Если Илисиди ленту не уничтожила — значит, лента у них, с собой.

Он остановился, нарушив строй. Притворился, что у него непорядок со стременем, и сидел, согнувшись на сторону, пока мимо быстрой целеустремленной рысью проносился всадник за всадником.

Брен отдал повод, когда мимо проехал Банитчи, а самый последний охранник немного сбавил ход, чтобы впустить его в колонну.

— Банитчи, у них есть магнитофонная лента, — сказал Брен. — Они меня допрашивали о пистолете.

Тут же ударил Нохаду каблуком и пролетел мимо охранников, когда Нохада понеслась вперед.

Догнав четвертую метчейту в строю, Нохада ударила ее в круп — отнюдь не мягко, ткнула боевым наконечником, и всаднику пришлось резко осадить своего скакуна, чтобы предотвратить драку.

— Простите меня, нади, — сказал Брен; он едва дышал, сердце гулко стучало. — У меня перекрутилось стремя.

Ну вот, драка почти что состоялась и помогла Нохаде в значительной степени поднять увядший боевой дух, даже если бы она не отбила своего места в строю.

Однако драка вовсе не помогла Брену — у него по-прежнему раскалывалась голова, а рука разболелась еще сильнее: Нохада добавила, уж очень энергично рвала поводья.

* * *

Серый дневной свет плавно сползал в вечер, постепенно тускнея под косым дождем — до сумерек, до призрачного полусвета, который, обманывая глаз, мелкими шажками спускался в черную беззвездную ночь. Брен думал, что им придется сбавить скорость, когда наступит вечер, — но атеви неплохо видят в темноте, и метчейти, наверное, тоже: Бабс держал все ту же ровную, пожирающую мили, рысь, переходя на напористый шаг только на подъемах, но никогда не сбивался с темпа на ровных низких местах — не пускался в галоп и не ленился; а Нохада время от времени делала вылазки вперед, жаловалась, вскидывая голову и дергаясь на ходу, когда занимающая третье место в иерархии метчейта не пропускала ее, и весь путь превратился для Брена в непрестанную кошмарную битву — лишь бы сохранить контроль над своевольной тварью, лишь бы уши оставались настроены на шорох листьев — единственное для него предупреждение, что надо пригнуться, потому что впереди низкая ветка, под которую передние всадники успели нырнуть, вовремя разглядев в темноте.

Дождь, должно быть, прекратился некоторое время назад, но Брен заметил не сразу — с листьев над головой все еще капало и ветер сдувал брызги.
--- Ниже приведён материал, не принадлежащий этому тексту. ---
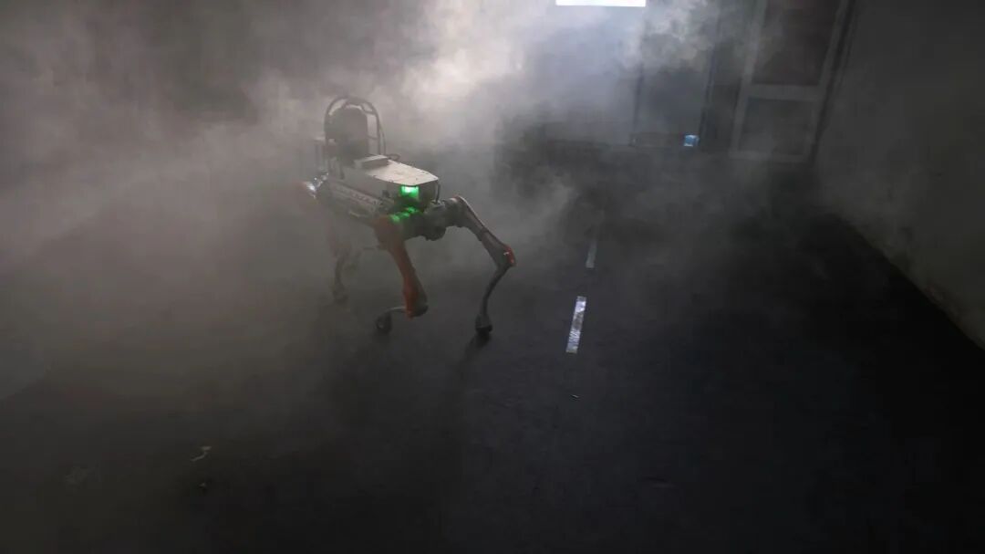 Under the harsh environment of high temperature and thick smoke inside the building, the firefighters of the reconnaissance team wore firefighting intelligent helmets and cooperated with the four-legged robot to carry out internal search and rescue work.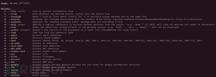 DataSurgeon是一款多功能的数据提取工具,该工具专为网络安全事件应急响应、渗透测试和CTF挑战而设计。在该工具的帮助下,广大研究人员可以快速从文本内容中提取出各种类型的敏感数据,其中包括电子邮件、电话号码、哈希、信用卡、URL、IP地址、MAC地址、SRV DNS记录等等!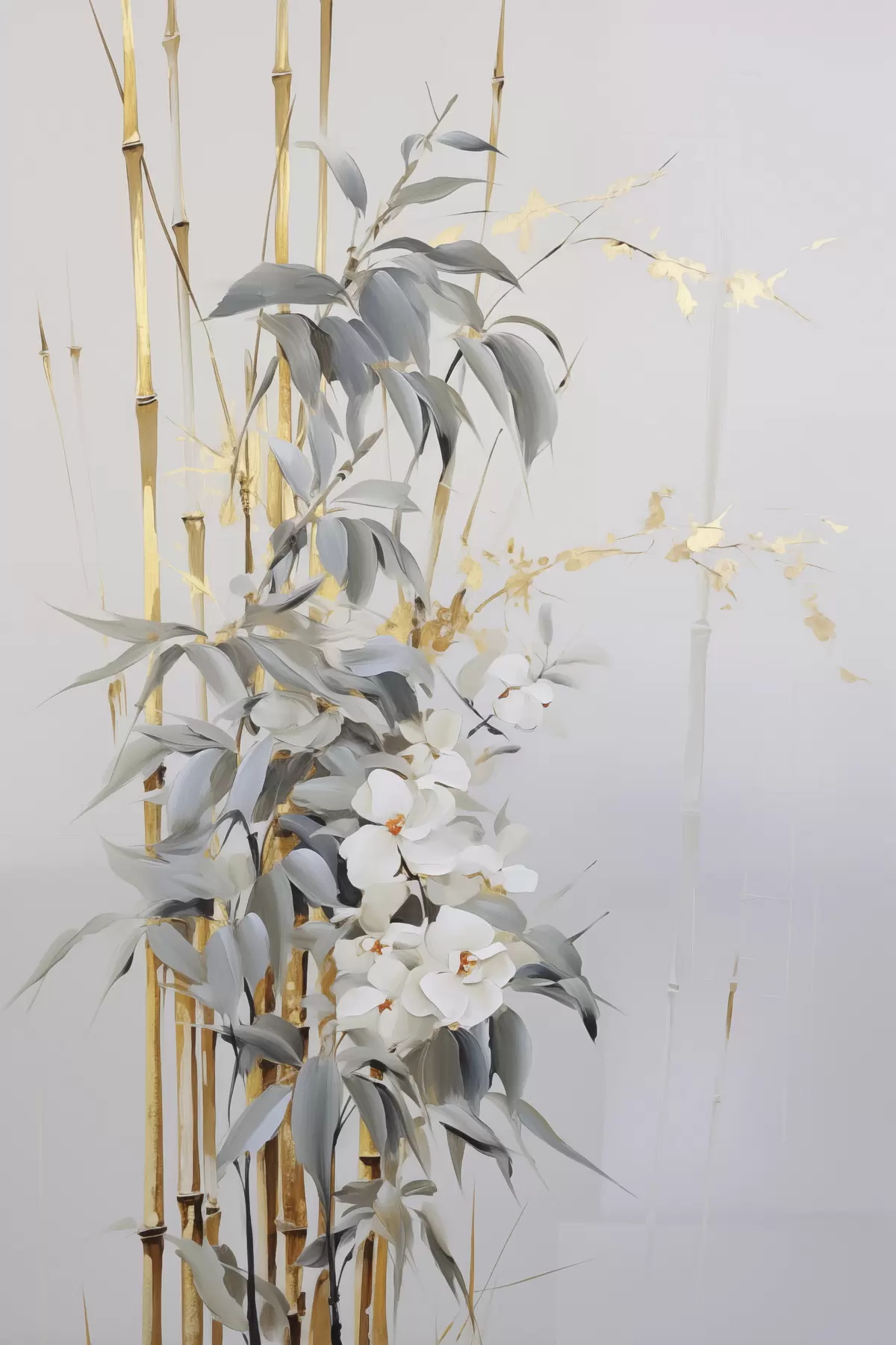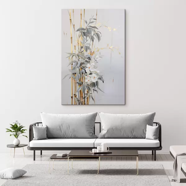 Glezna Abstrakti bambusa stublāji ar dzelteniem akcentiem, maigi balti ziedi un gaiši zaļas lapas, pelēks fons Nr s47038

Но когда они вырвались на чистое место, оказалось, что тучи уже разошлись, открыв панораму звездного неба и укрытых тенями холмов; эта картина могла бы ослабить в нем клаустрофобию, вызванную полной тьмой, — но она снова породила неотвязные мыcли о корабле, появление которого угрожает этому миру, и еще о том, что если они не доберутся до взлетной полосы к рассвету, то окажутся на равнине голенькими, ничем не защищенными от самолетов из аэропорта Майдинги.

Илисиди говорила, что они достигнут Уигайриина к полуночи, но этот час давно миновал, если Брен еще не разучился определять время по звездам у полюса.

Когда колонна снова полезла в гору — вверх, вверх по каменистому холму — он, усталый, измученный болью, начал твердить: Господи, дай мне умереть… Тут Илисиди крикнула «стой», и он решил, что скоро они двинутся дальше, а значит, впереди еще столько дороги, сколько уже проехали.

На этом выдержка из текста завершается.